Indian publication Business Standard reported that foreign reinsurance and private insurance firms have been big beneficiaries of premiums collected under Pradhan Mantri Fasal Bima Yojna (PMFBY), the state-sponsored crop scheme.
In the last six seasons, almost Rs 5,000 crore (US $726 million) has gone to reinsurers domiciled outside India, while the program’s overall claim ratio has been around 77%.
As a result, the government has been looking to reduce the involvement of reinsurance in the PMFBY scheme.
According to Business Standard, the total premium collected under the program from 2016-2018 was about Rs 48,267 crore ($7.0 billion), while the claim payout was Rs 39,789 crore ($5.8 billion), indicating that Rs 8,478 crore ($1.2 billion) went to re/insurers.
Of the total premium, about Rs 8,720 crore ($1.3 billion) was paid by farmers, while close to Rs 39,547 ($5.7 billion) crore was subsidised collectively by central and state governments.
Currently, about 50% of the risk is reinsured by state-backed company GIC Re, and the rest by international reinsurers.

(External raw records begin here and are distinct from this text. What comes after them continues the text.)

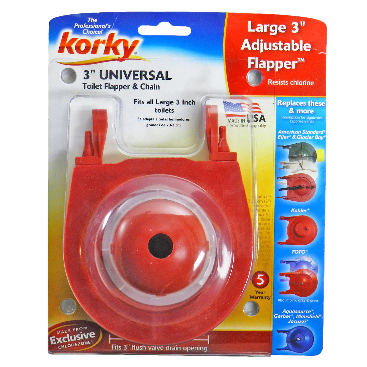 The most universal toilet flapper. It is made with the longest lasting material on the market. The Korky flapper is easy to install. Available in a variety of styles and sizes.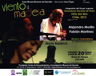 ALEJANDRO MURILLO. Maestro en ejecución instrumental. Desde muy pequeño muestra su interés por aprender a interpretar instrumentos musicales, siendo sus padres los primeros en apoyar esta curiosidad que posteriormente se convertiría en una pasión. Realiza sus estudios de primaria en el colegio San Antonio y Jorge Isaac de la ciudad de Armenia donde comienza a destacarse en la parte artística interpretando el piano en los diferentes eventos del colegio, posteriormente ingresa al colegio Inem “Jose Celestino Mutis” en el que aprende a interpretar la flauta dulce y comienza a conocer los aspectos básicos de la guitarra. Se gradúa como bachiller industrial modalidad construcciones civiles en el año de 1995.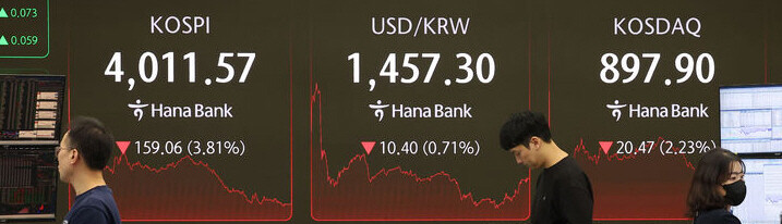 14일 코스피는 전일 대비 3.81% 급락한 4011.57로 장을 마감했다. 코스닥(897.90)은 2.23% 떨어졌다.
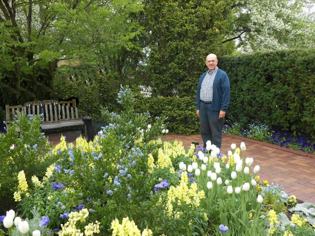 "Avalanche White" tulips and Pink Pansies along the path leading to the Enabling Garden.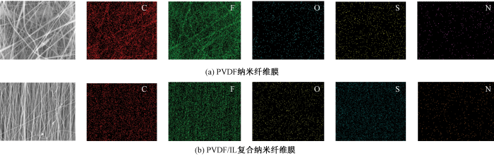 Element distribution map of nanofiber membranes.(a)PVDF nanofiber membrane;(b)PVDF/IL nanofiber membrane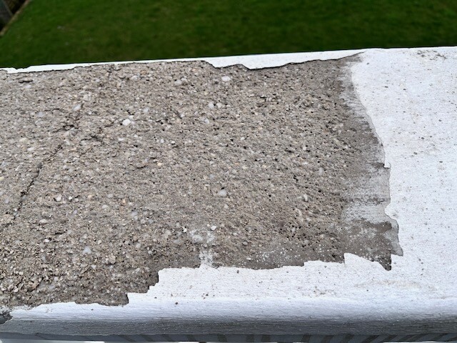 ¿Por qué la balaustrada ha absorbido tanta agua? ¿Mezcla incorrecta? ¿Pintura? ¿La humedad viene de abajo?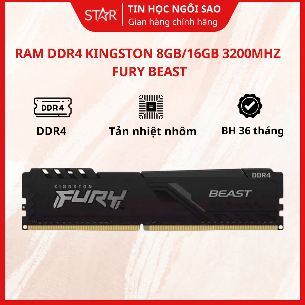 Ram DDR4 Kingston 16GB 3200Mhz Fury Beast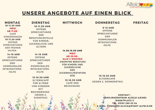 Wann? Jeden Montag und Dienstag von 14.00-16.00 Uhr und donnerstags von 9.00-12.00 Uhr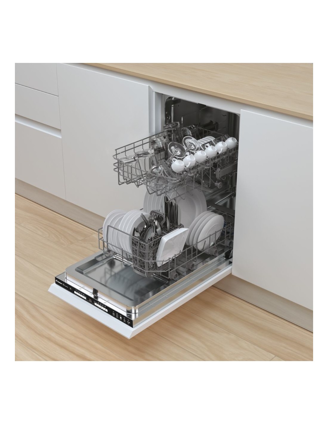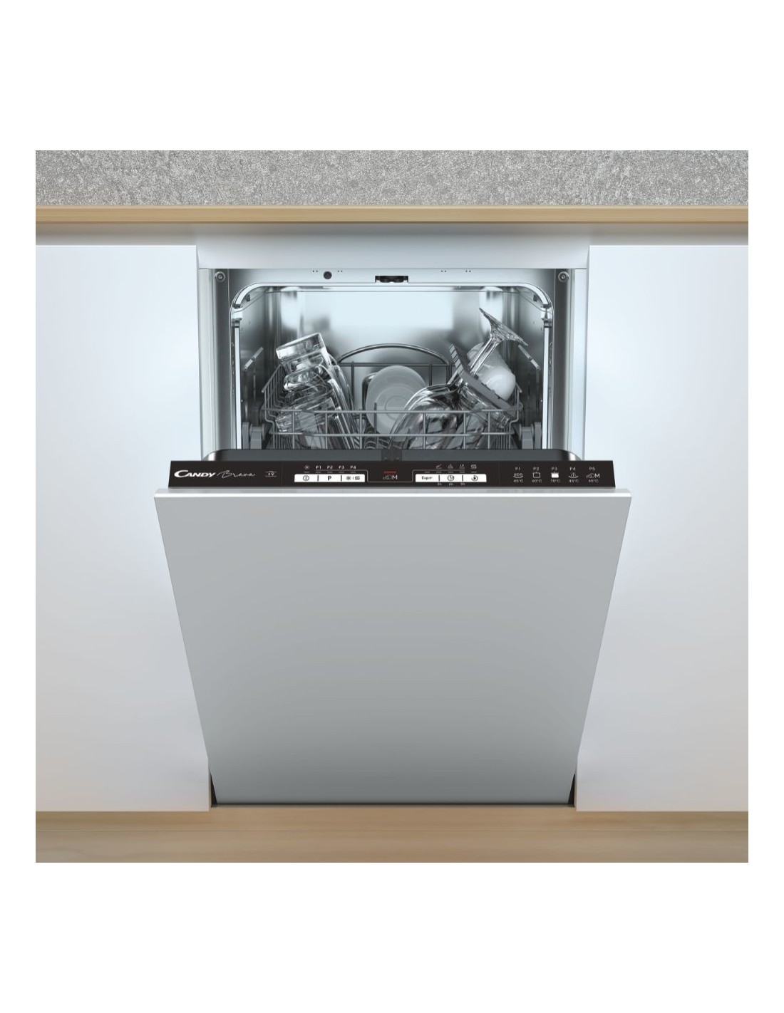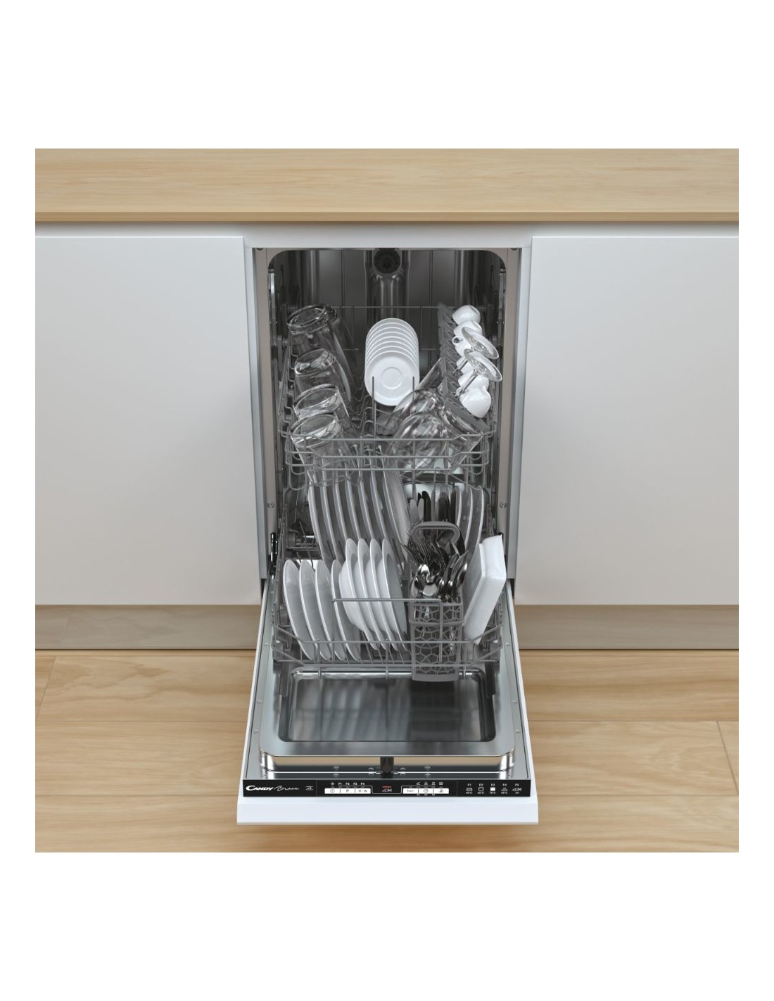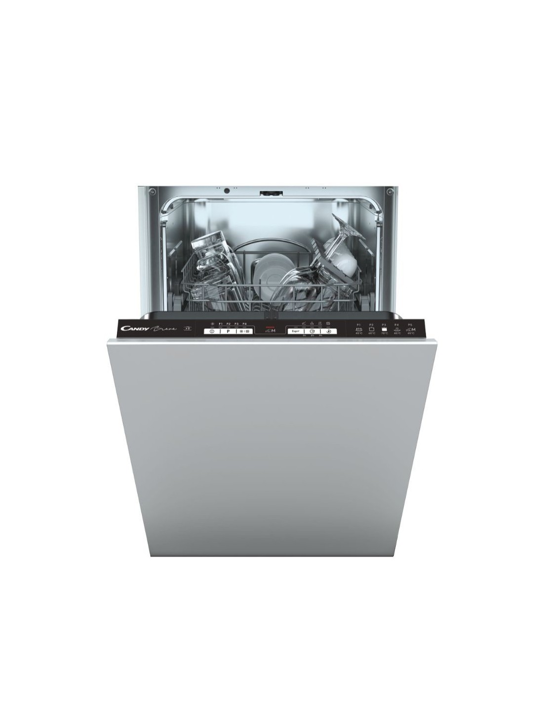 Candy Brava CDIH 1L949. Posizionamento dell'apparecchio: A scomparsa totale, Dimensione: Compatta (45 cm), Colore pannello di controllo: Nero. Numero di coperti: 9 coperti, Classe emissione rumore: C, Emissione acustica: 49 dB. Classe efficienza energetica: F, Consumo di acqua per ciclo: 9 L, Consumo energetico per 100 cicli: 78 kWh. Larghezza: 448 mm, Profondità: 555 mm, Altezza: 820 mm. Tipo di regolazione dei piedi: Posteriore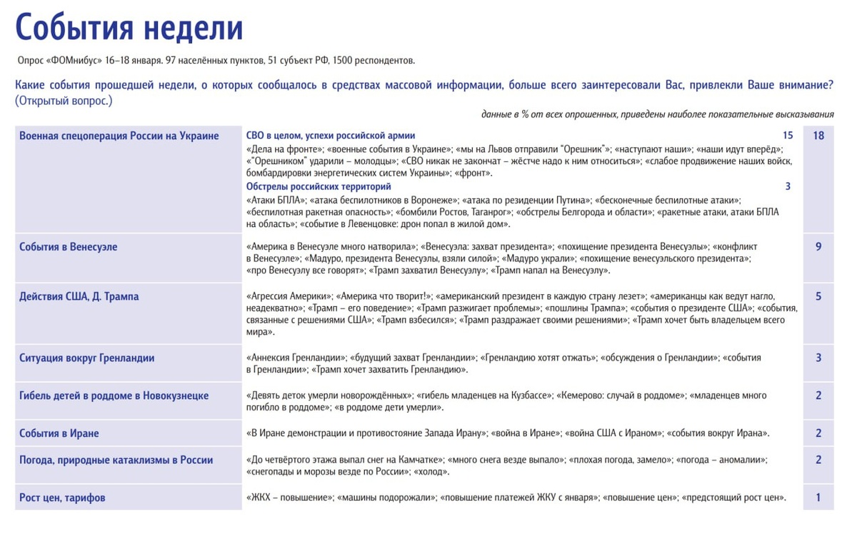 Результаты еженедельного опроса 16–18 января 2026 года.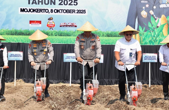 Kapolda Jawa Timur,Irjen Pol Drs.Nanang Avianto,M.Si memimpin langsung kegiatan penanaman Jagung serentak Kuartal IV tahun 2025 di Desa Pacing, Kecamatan Bangsal, Kabupaten Mojokerto, Rabu (8/10/2025).
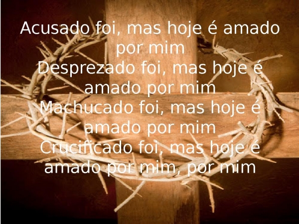 - Acusado foi, mas hoje é amado por mimDesprezado foi, mas hoje é amado por mimMachucado foi, mas hoje é amado por mimCrucificado foi, mas hoje é amado por mim, por mim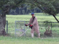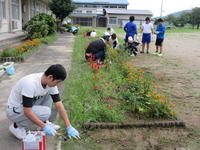 作業は、校庭の草むしりや校庭周辺の刈払い機による除草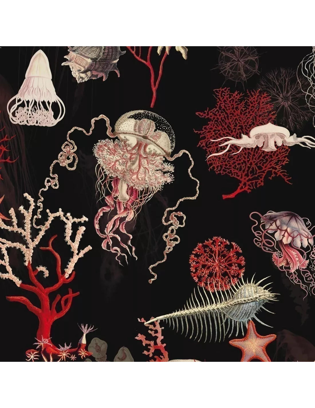 Le papier peint Corail Marine Jean Paul Gaultier est un papier peint vinyle au thème aquatique qui arbore une large variété de plantes et de créatures habitant les fonds océaniques. Hippocampes et méduses s’y côtoient au milieu d’une végétation sous-marine. Le motif est complété en arrière-plan par des silhouettes d’animaux marins. Ce papier peint possède un support intissé, ce qui rend sa pose plus facile. La colle doit être appliquée sur le mur. Ce papier peint Jean Paul Gaultier est édité par la maison Lelièvre.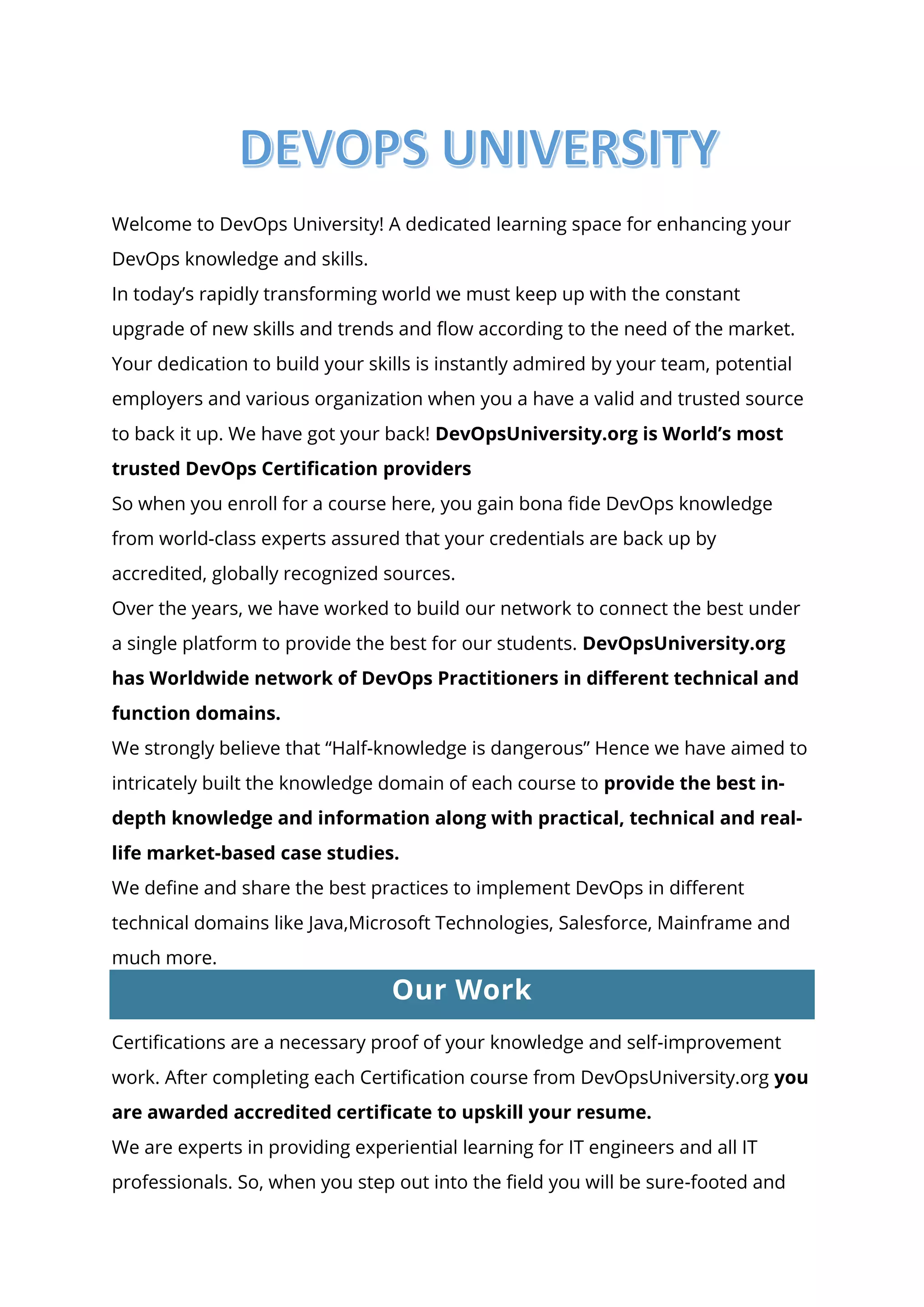 DevOps University provides a dedicated platform for enhancing DevOps skills through accredited certification programs taught by industry experts. Their services include career counseling, mentoring, and experiential learning for IT professionals, helping both large and small enterprises in implementing DevOps solutions. The growing demand for certified DevOps professionals underscores the importance of these credentials in securing competitive positions in the IT job market.
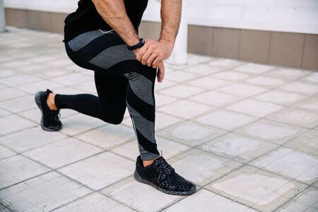 Close-up view of athlete male doing stretching exercise for leg during workout outdoors. Dressed in black sportswear.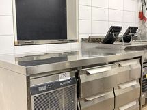 Tällä hetkellä keittiön varusteluun kuuluu fritti ja parilla. Lisäksi käytössä on astianpesukone, baaritiski ja vetarit.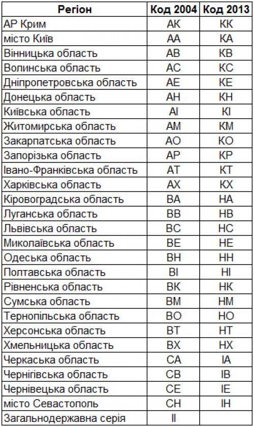 С 2004 года коды регионов были распределены исключительно с использованием букв, совпадающих в латинском и в украинском алфавитах, начиная с Киева: АА, АВ, АС и т.д., в интервалах АА - АХ, ВА - ВО, ВТ - ВХ, СА - СВ, СЕ - СН.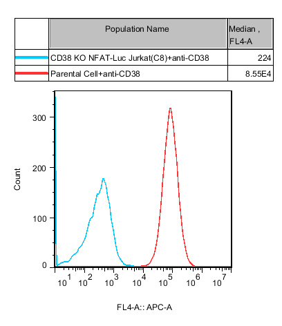 ![]() Figure 2. Recombinant CD38 KO NFAT-Luc Jurkat Cell stably expressing CD38.  |

Under the newly proposed pool mechanism, while private firms would retain a small part of the premium, a large part would go into the pool, which could then be used to pay out claims.
“The pool mechanism will help the money stay in the country itself, instead of going to foreign reinsurers,” a government official was quoted as saying
“The new model should be sustainable in the long run,” a top official in a private insurance company added.